BioTEPP: chasseur de vers

Le Soleil —

 
Pour plusieurs Québécois, BioTEPP est une inconnue ou presque. Au pays de Donald Trump, la situation est inversée. La compagnie lévisienne se retrouve sur les lèvres de producteurs de pommes, de poires et de noix de Grenoble, en raison du réchauffement climatique.
 
« Nous roulons à 100 % de notre capacité de production », indique le patron Claude Gagnon, qui cherche actuellement à prendre de l’expansion pour tripler sa production de biopesticide d’ici 2020.

Deux projets sont à l’étude. Un réaménagement des installations et des opérations de son usine à Cap-Chat, en Gaspésie, ou l’ouverture de nouvelles installations dans la grande région de Québec.

Si c’est la deuxième option qui est retenue, BioTEPP promet qu’elle conservera tout de même son usine de production de Cap-Chat. La réponse devrait tomber d’ici quelques semaines.

Pour l’heure, la compagnie réalise 90 % de son chiffre d’affaires, qui oscille aux alentours de 1,5 million $, du côté des États-Unis, notamment dans les états de Washington et de l’Oregon, où sont cultivées plus de 50 % des pommes américaines. L’autre 10 % des ventes est effectué à travers le Canada.

Il faut dire qu’annuellement, les Américains produisent en moyenne 13 fois plus de pommes que le Canada. Et que la production de pommes de l’état de Washington est près de 30 fois celle du Québec.

Virosoft CP4

Fondée en 1998, BioTEPP, dont le siège social est basé dans l’incubateur AgBio Centre à Lévis, a développé au cours des dernières années un biopesticide appelé Virosoft CP4. Ce dernier s’attaque au ver de pomme, le cauchemar des producteurs.

« Notre produit est un insecticide naturel reconnu mondialement et qui rivalise d’efficacité avec les pesticides chimiques », explique M. Gagnon, ajoutant qu’au fil des ans, le carpocapse a trouvé des façons pour résister aux insecticides chimiques et que plusieurs de ces produits ont été bannis des tablettes des commerces.

« Nous développons aussi un autre virus que nous avions dans notre congélateur depuis des années qui s’attaque aux insectes qui mangent le chou, le chou-fleur et le brocoli. C’est très prometteur », poursuit l’agronome de formation.

Pour les prochaines années, BioTEPP souhaite davantage étendre son territoire de chasse vers l’Argentine et à travers les États-Unis, notamment en Californie où la compagnie est en processus pour faire homologuer son produit phare. Il n’est toutefois pas question d’ouvrir de nouveaux bureaux.

« Malgré le manque de fonds, l’entreprise a toujours été portée par l’efficacité de son produit », avance M. Gagnon, actionnaire chez BioTEPP depuis 2000. Il occupe la chaise de président depuis 2015, année où la direction a réalisé un remue-ménage à l’interne.

 

« Malgré le manque de fonds, l’entreprise a toujours été portée par l’efficacité de son produit. »
Claude Gagnon, copropriétaire de BioTEPP

Aujourd’hui, BioTEPP est une famille d’une quinzaine de travailleurs. Environ le double de paires de bras sera nécessaire au cours des prochaines années pour répondre à l’augmentation de la production qui devrait mener à un chiffre d’affaires de 4,5 millions $ d’ici deux ans, parole du patron.
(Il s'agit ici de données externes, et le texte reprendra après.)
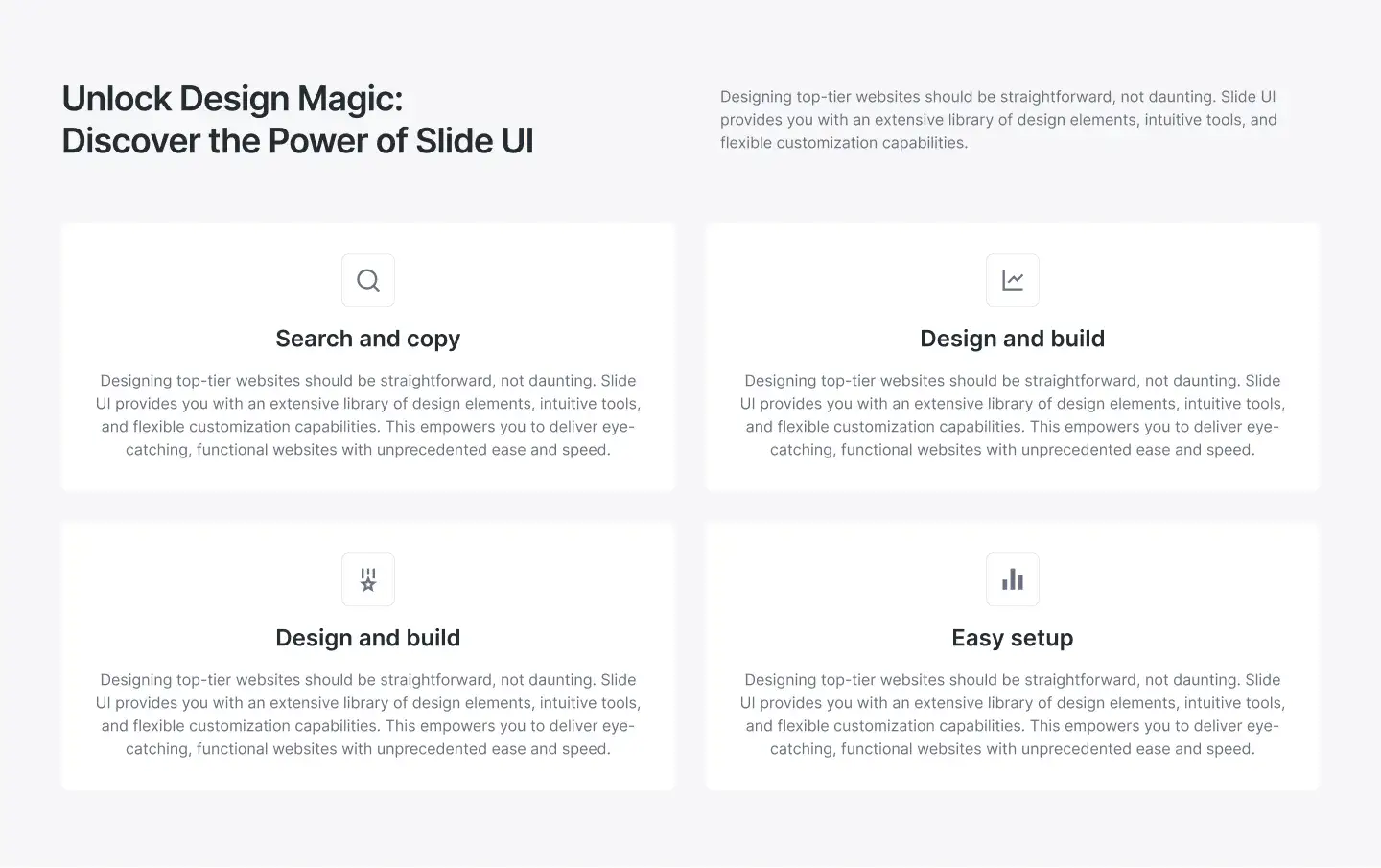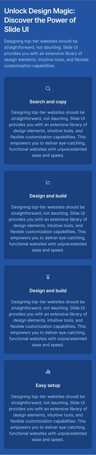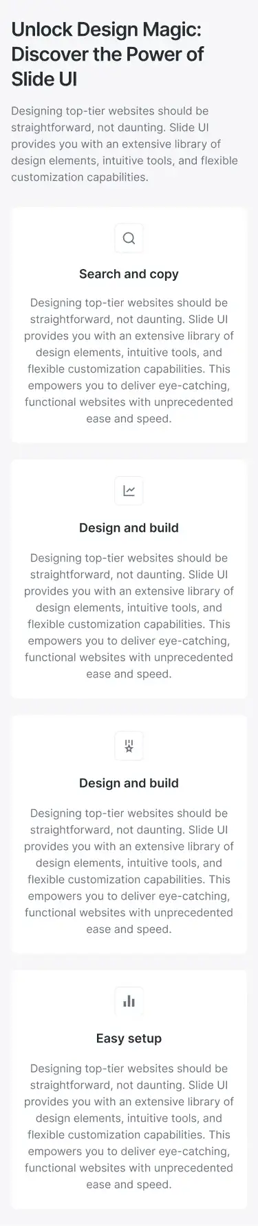 Lightweight sections for storytelling, intros, or visual breaks. Ideal for portfolios, agencies, and SaaS.
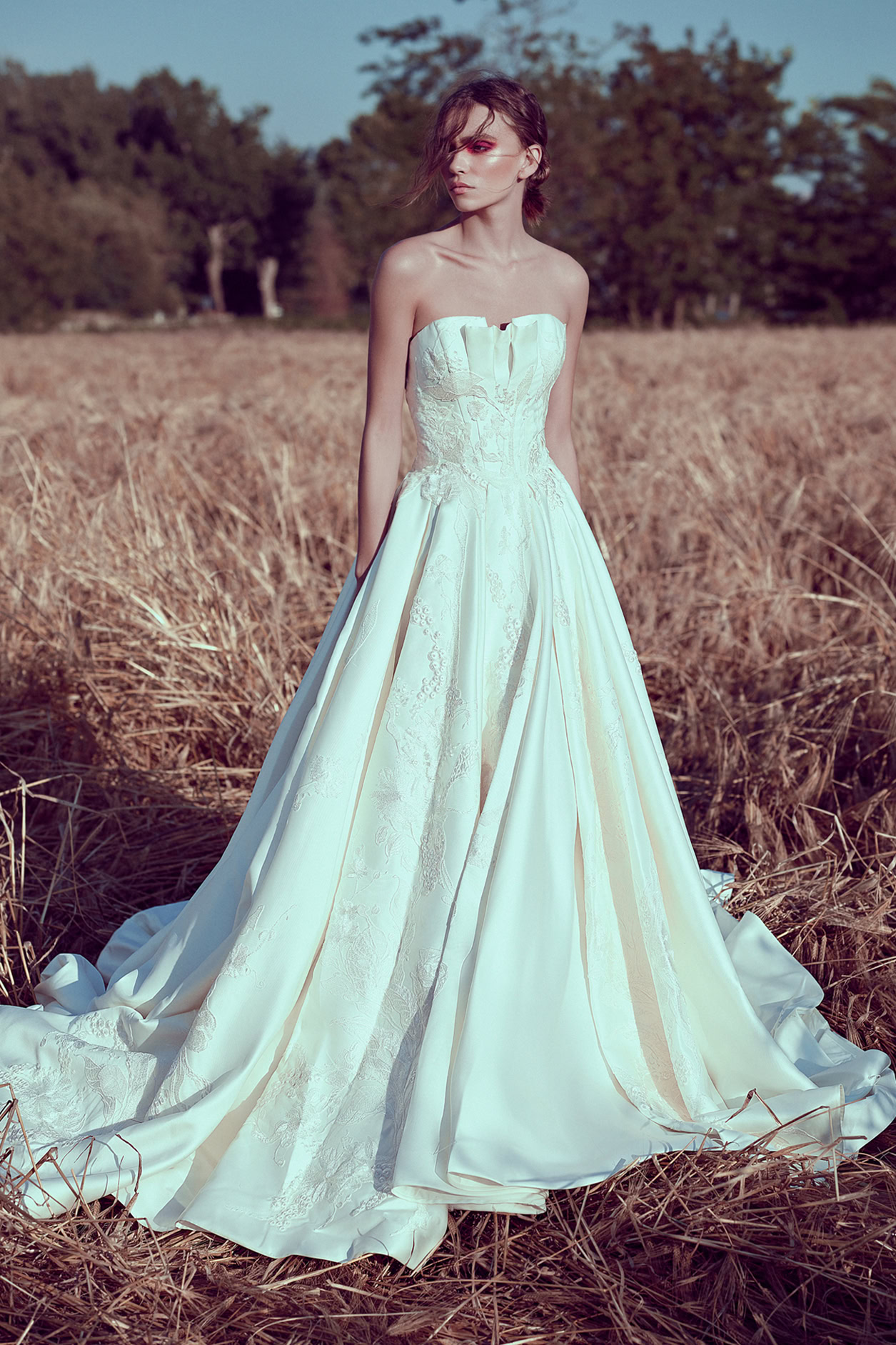 Ball gown mikado dress with a pleated bodice and appliqués of embroidery. Meticulous details on the back of the dress come to emphasize the cathedral train for a modern royal look.

Mais quel est le lien entre l’augmentation des ventes de BioTEPP et le réchauffement climatique, vous demandez? En fait, la direction répond que les vers de pomme sont stimulés par le réchauffement de la planète.

Coup de pouce

Afin de soutenir les nombreux projets de l’entreprise, le fonds de développement québécois Filaction et l’organisation Produits naturels Canada ont récemment annoncé injecté des billets verts dans BioTEPP. Le montant n’a toutefois pas été dévoilé.

En juillet, le gouvernement du Canada a également délié les cordons de sa bourse pour octroyer une aide financière de 400 000 $. L’argent devrait, entre autres, servir pour l’homologation du produit pour de nouveaux marchés et pour le développement d’une régie d’élevage de larves de carpocapse.

Mais puisqu’on est en période électorale et que le huard est souvent le nerf de la guerre pour les PME, M. Gagnon tenait à passer un message au futur gouvernement.

« Quand on regarde les entreprises à succès du Québec d’aujourd’hui, il y a de très très fortes chances que ce soient des entreprises qui ont bénéficié du financement par actions du programme REA [Régime d’épargne-actions du Québec]. Ce coup de génie de Jacques Parizeau qui donnait aux entrepreneurs visionnaires, possédant un concept et [ou] une technologie solide, l’opportunité de prospérer. Un nouveau programme REA donnerait à BioTEPP la capacité de réaliser ses ambitions », conclut celui qui a cofondé par le passé Axter Agroscience.